How to Calculate the Quota of Pages Allowed by the License
ABBYY FineReader Server 14 has a new workflow type called "audit workflow." An audit workflow analyzes files in a specified storage location and provides statistics that can be used to calculate the number of pages that may be deducted from your license.
An audit workflow analyzes the formats of input files and classifies all input files into the following groups:
- files that need to be recognized (images and PDFs without a text layer)
- files that need to be converted (office format documents, e-mail messages, etc.)
- files that may require conversion
- files in unsupported formats
For each file, the program will calculate the required number of pages.

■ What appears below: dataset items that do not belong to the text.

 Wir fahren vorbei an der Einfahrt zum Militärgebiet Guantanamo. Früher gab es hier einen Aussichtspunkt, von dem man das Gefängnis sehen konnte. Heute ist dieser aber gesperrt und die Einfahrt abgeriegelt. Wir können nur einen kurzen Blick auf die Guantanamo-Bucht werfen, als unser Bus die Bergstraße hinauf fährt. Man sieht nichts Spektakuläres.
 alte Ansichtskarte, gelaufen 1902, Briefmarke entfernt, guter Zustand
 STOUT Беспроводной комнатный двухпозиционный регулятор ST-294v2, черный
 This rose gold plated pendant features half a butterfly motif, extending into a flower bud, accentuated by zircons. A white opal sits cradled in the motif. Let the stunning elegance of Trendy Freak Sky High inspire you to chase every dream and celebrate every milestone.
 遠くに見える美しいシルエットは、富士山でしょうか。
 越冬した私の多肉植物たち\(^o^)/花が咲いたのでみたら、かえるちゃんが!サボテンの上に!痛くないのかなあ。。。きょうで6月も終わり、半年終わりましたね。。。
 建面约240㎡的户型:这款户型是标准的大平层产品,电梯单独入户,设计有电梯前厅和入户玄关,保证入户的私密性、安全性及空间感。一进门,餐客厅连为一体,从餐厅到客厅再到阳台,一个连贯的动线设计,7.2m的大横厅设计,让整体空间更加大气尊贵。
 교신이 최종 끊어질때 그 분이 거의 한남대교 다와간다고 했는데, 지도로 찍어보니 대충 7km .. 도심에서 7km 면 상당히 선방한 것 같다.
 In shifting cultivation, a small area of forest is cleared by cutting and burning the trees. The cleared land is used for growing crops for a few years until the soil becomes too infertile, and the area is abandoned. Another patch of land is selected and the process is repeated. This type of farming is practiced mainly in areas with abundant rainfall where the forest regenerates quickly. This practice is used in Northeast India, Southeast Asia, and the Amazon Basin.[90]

Note. In ABBYY FineReader Server 14, Fast analysis of document metadata is enabled by default. Page count information obtained using this analysis type will only be an approximation:
- For some files, the number of pages they contain cannot be calculated.
- During processing, the number of pages may increase for input files that contain pages larger than A4.

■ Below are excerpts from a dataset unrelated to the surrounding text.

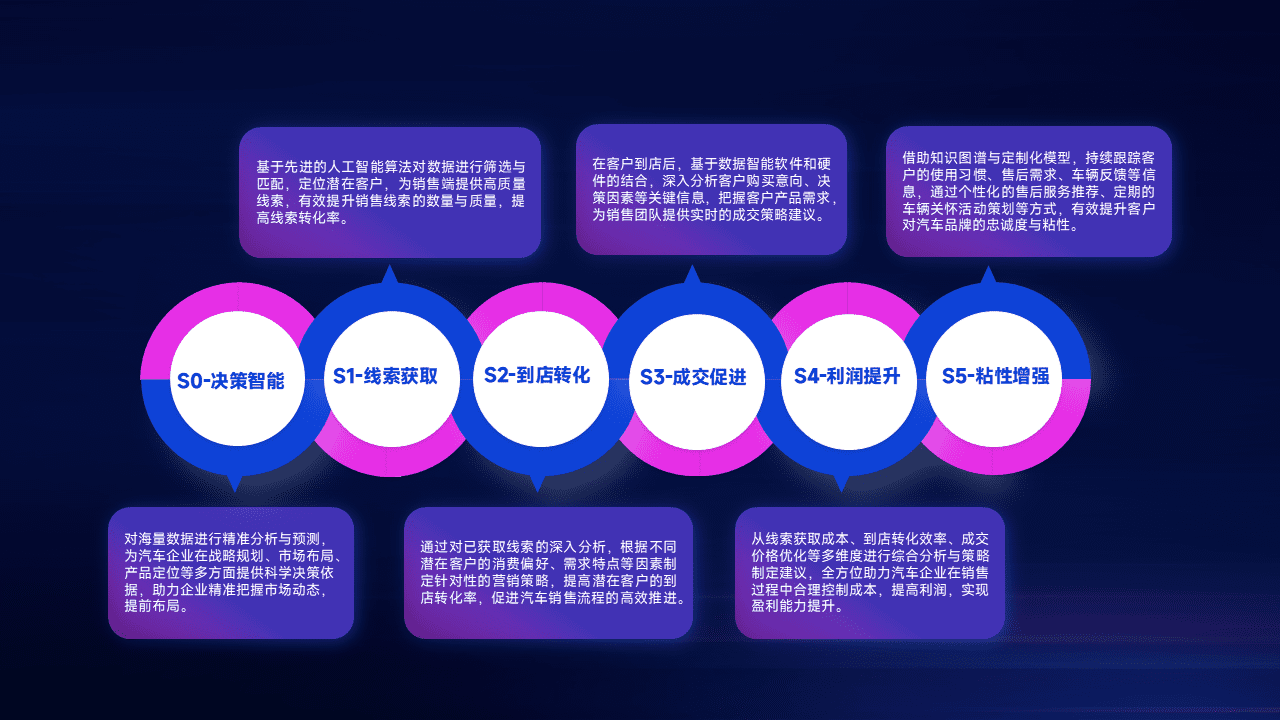 通过拓宽潜在客户来源、、、、优化线索分配并提高到店转化率,,,以增强销售效率。。同时,,,,利用线索数据不断优化分析模型,,,,有效提升转化率,,,扩大营销影响力。。
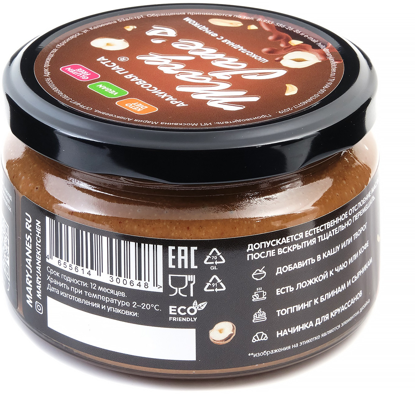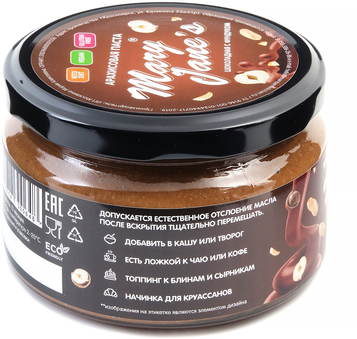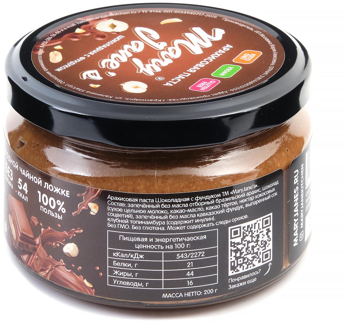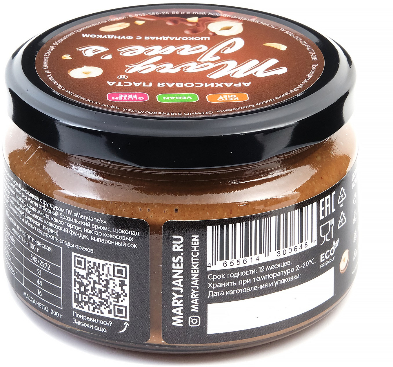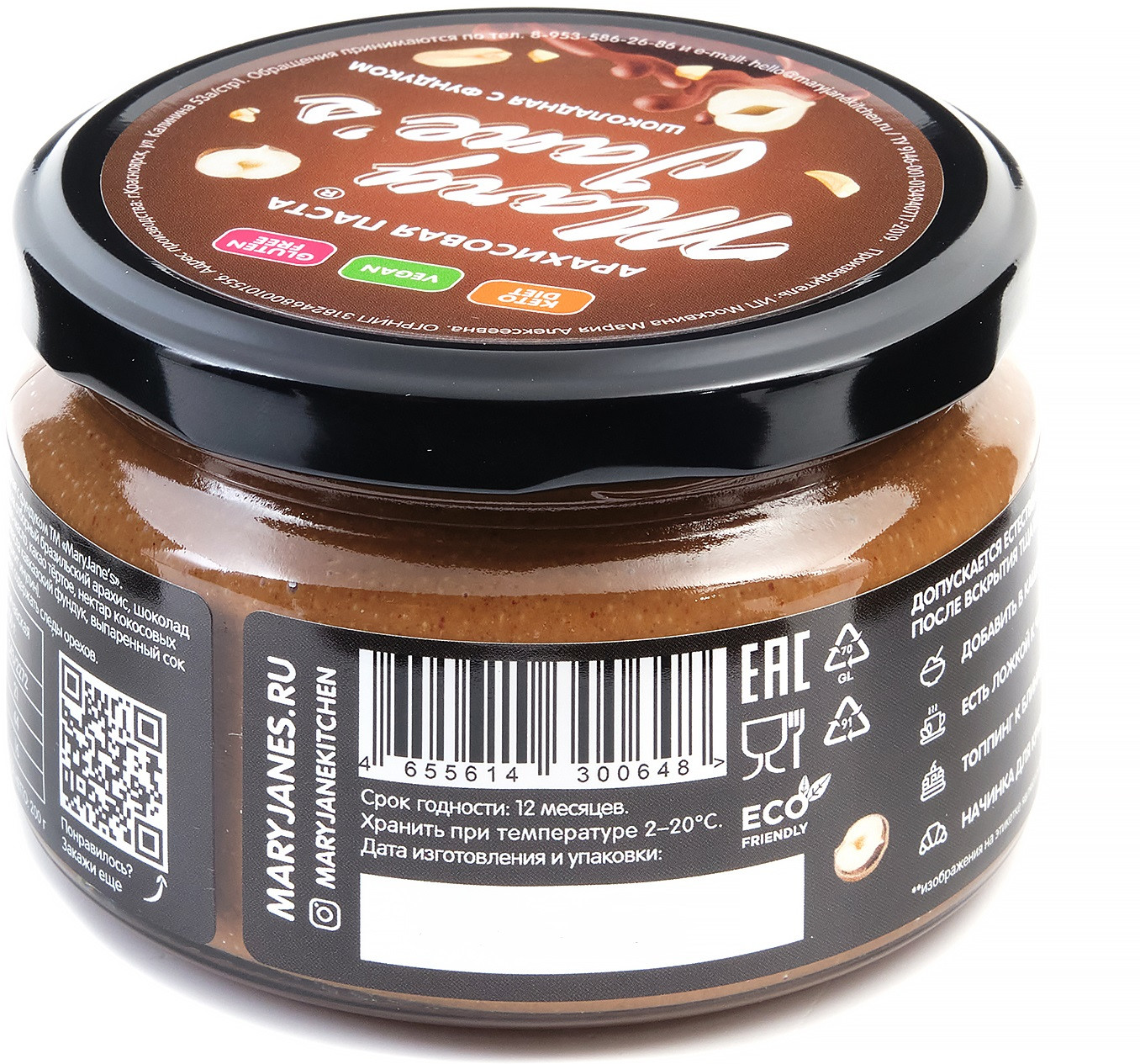 | Арахисовая паста Mary Jane’s Kitchen — без консервантов, наполнителей, подсластителей, эмульгаторов и других добавок или промышленных хитростей, имеет нежно-кремовую консистенцию и восхитительный натуральный вкус! Паста производится в Красноярске малыми партиями, только из свежих поставок сладких сортов арахиса, только из цельных орехов лучшего качества. |
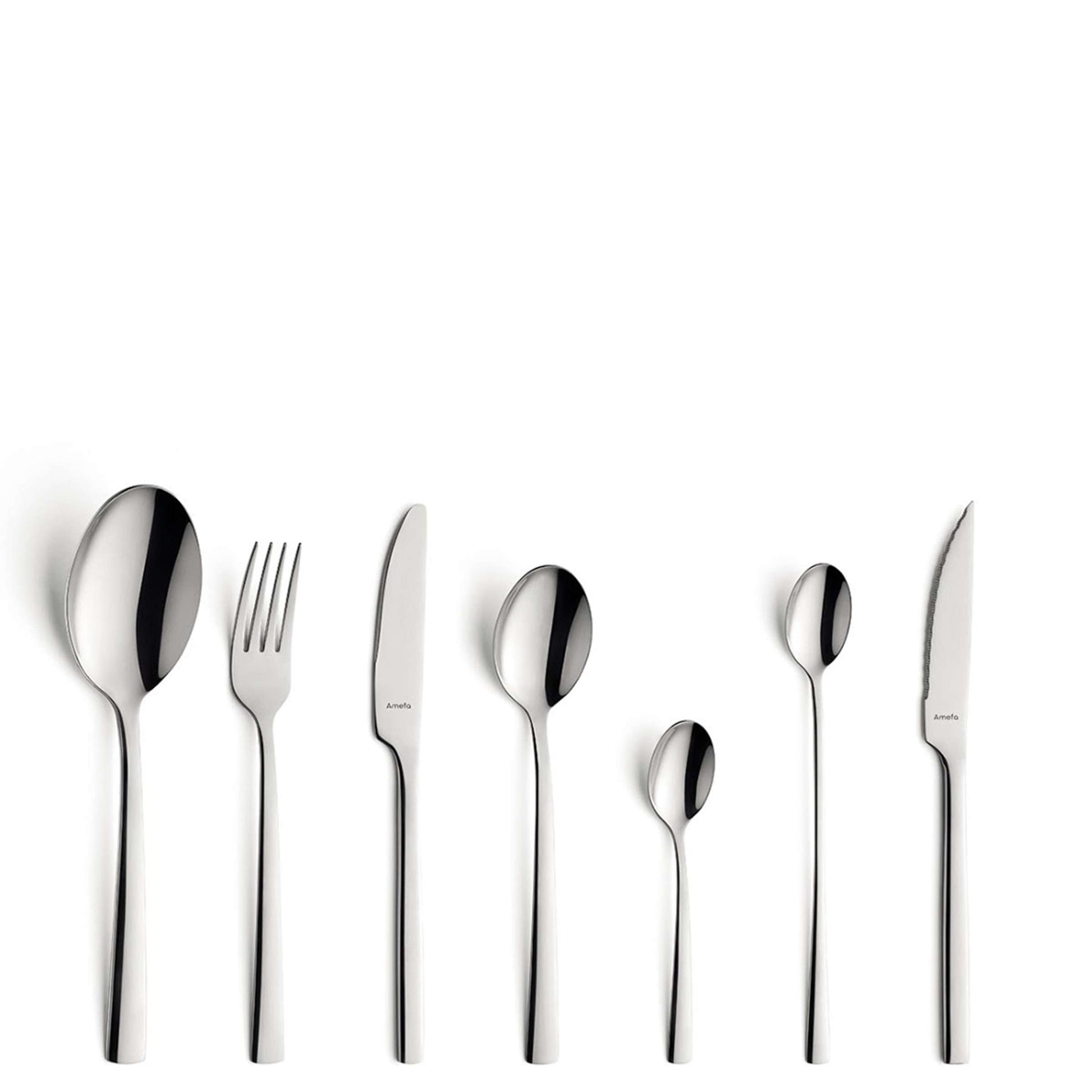 - Inhalt: 10 Kaffeelöffel, 10 Longdrink-/Latte Macchiato Löffel, 2 Servierlöffel, 6 Menügabeln, 6 Menülöffel, 6 Menümesser, 6 Steakmesser

- A PDF file with a good text layer that contains pages with no text may require re-recognition.
See also: Rules for deducting pages for jobs.
In order to get more a more precise page count, navigate to the Settings tab in the Audit workflow settings dialog box and select Thorough analysis. This analysis type is available in FineReader Server 14 R3 Update 2 and later versions.
Note. Thorough analysis significantly slows down document processing.
To create a new audit workflow, select the Workflows node in the tree on the left and click the (Create New Audit Workflow) button on the toolbar. You can also copy an existing workflow and change the settings as needed. To do this, select Duplicate on the shortcut menu of your workflow. In order to view or edit the workflow properties, select the appropriate node and click the (Workflow Properties) button on the toolbar. Alternatively, you can select Properties on the shortcut menu.
You can choose a file storage location in the Audit workflow settings dialog box. You can specify a shared folder on a local or network drive, an FTP/SFTP server folder, or a SharePoint library. The audit workflow is deemed completed when all files in the storage have been analyzed. To analyze new files, the audit workflow should be launched again. The audit workflow does not modify the contents of the file storage.
In the audit workflow settings, you can specify additional reports to be created for specific file categories:
- Files that are over the specified size limit (in megabytes).
Processing large files is not always desirable, as it can slow down your system and delay other tasks. This report can be used to decide which large files to process separately.
- Files that were last modified before the specified date.
This report lets you determine the percentage of outdated files whose processing can be delayed.
- Duplicate files.
This report contains a list of all duplicate files found in the storage, as well as their sizes and locations. This will let you optimize your storage and process only the files that you actually require processing.
Note. Enabling duplicate search can significantly slow down the audit workflow.
Note. If there are custom columns in your SharePoint library, duplicate search will not work for DOC, DOCX, XLS, XLSX, PPT, and PPTX documents, as Microsoft SharePoint will modify this types of files by adding custom properties.
- Regular expression search.
This report will be created for files that contain text matching a regular expression.
Note. Starting from FineReader Server 14 Release 2, page processing statistics for all workflows are displayed in the details pane. The total number of processed pages is also displayed in the FineReader Server node.